Pizza Giant Axed — Dozens Go Dark

A person holding a sign that reads 'CLOSED Going Out of Business'
PIZZA GIANT AXED

A once-fast growing take-and-bake pizza chain is now shutting dozens of its own stores after a costly turnaround bet backfired.

Story Snapshot

  • MTY Food Group will close 68 underperforming corporate-owned restaurants, including 45–50 Papa Murphy’s locations, over the next six to nine months.
  • These restaurants lost more than $10 million in the past year, forcing MTY to cut its losses and refocus on stronger units.
  • Papa Murphy’s has already closed about 150 locations over the past two years, revealing deep problems with the brand’s economics.
  • MTY is paying an estimated $10–$12 million up front to terminate leases and exit these sites, trading short-term pain for long-term survival.

A turnaround bet that never paid off

MTY Food Group bought Papa Murphy’s for about 190 million United States dollars in 2019, aiming to fix a struggling but familiar pizza name.

Management later converted many franchise locations into corporate-owned stores, hoping tighter control and new systems would improve results. That bet did not work.

On the latest earnings call, MTY’s chief executive officer Eric Lefebvre said Papa Murphy’s has been “struggling more than our other brands as of recent,” and the corporate segment’s profit plunged.

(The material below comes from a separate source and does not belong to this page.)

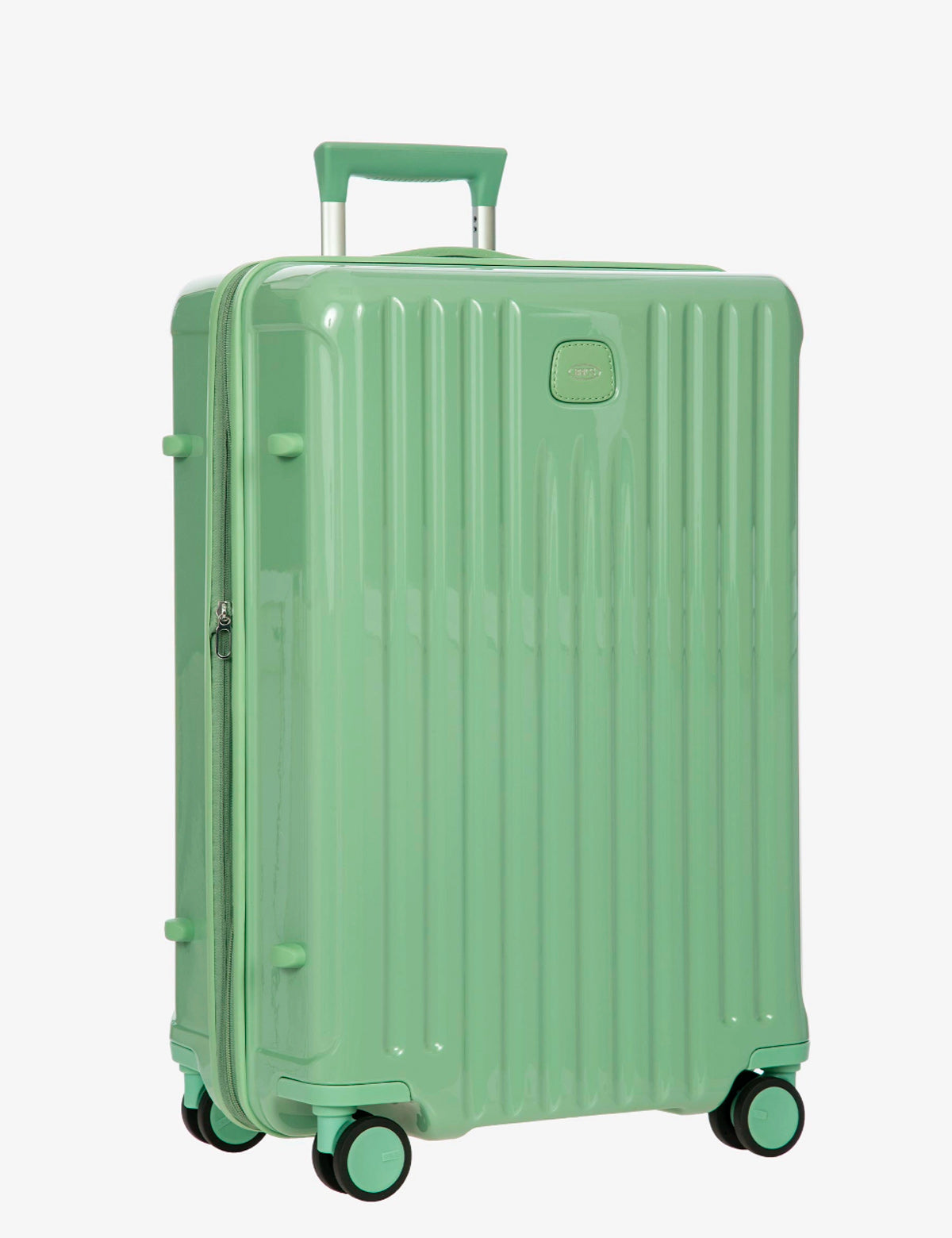 Lightweight, resistant and colourful, Bric's suitcases from the Positano line add colour to your holidays with models made from recycled polycarbonate and tone-on-tone leather details

Corporate profit across Papa Murphy’s and related units fell from 11.3 million dollars to 5.7 million dollars, while corporate revenue dropped 15 percent to 111.7 million dollars. Those numbers show the turnaround moved the brand in the wrong direction, not the right one.

Lefebvre told investors the company will now close 68 poorly performing corporate-owned restaurants over the next six to nine months, including roughly 45 to 50 Papa Murphy’s units. These sites, spread across several banners, lost more than 10 million dollars combined in the last 12 months and continued to slide.

MTY expects to spend 10 to 12 million dollars up front to terminate leases and shut these doors, a painful but targeted move meant to stop further annual losses.

Sales slump meets a shaky business model

Same-store sales across MTY fell 2.1 percent, with declines in both the United States and Canada, indicating broader market weakness. Still, Papa Murphy’s stands out.

The brand sells “take-and-bake” pizzas that customers cook at home, a concept that made sense when budgets were tight and home ovens were central to the home.

Today, pizza buyers face endless delivery deals and loyalty apps from large chains. Lefebvre himself admitted there is “very little loyalty” in pizza and that customers chase the cheapest deal at any given time.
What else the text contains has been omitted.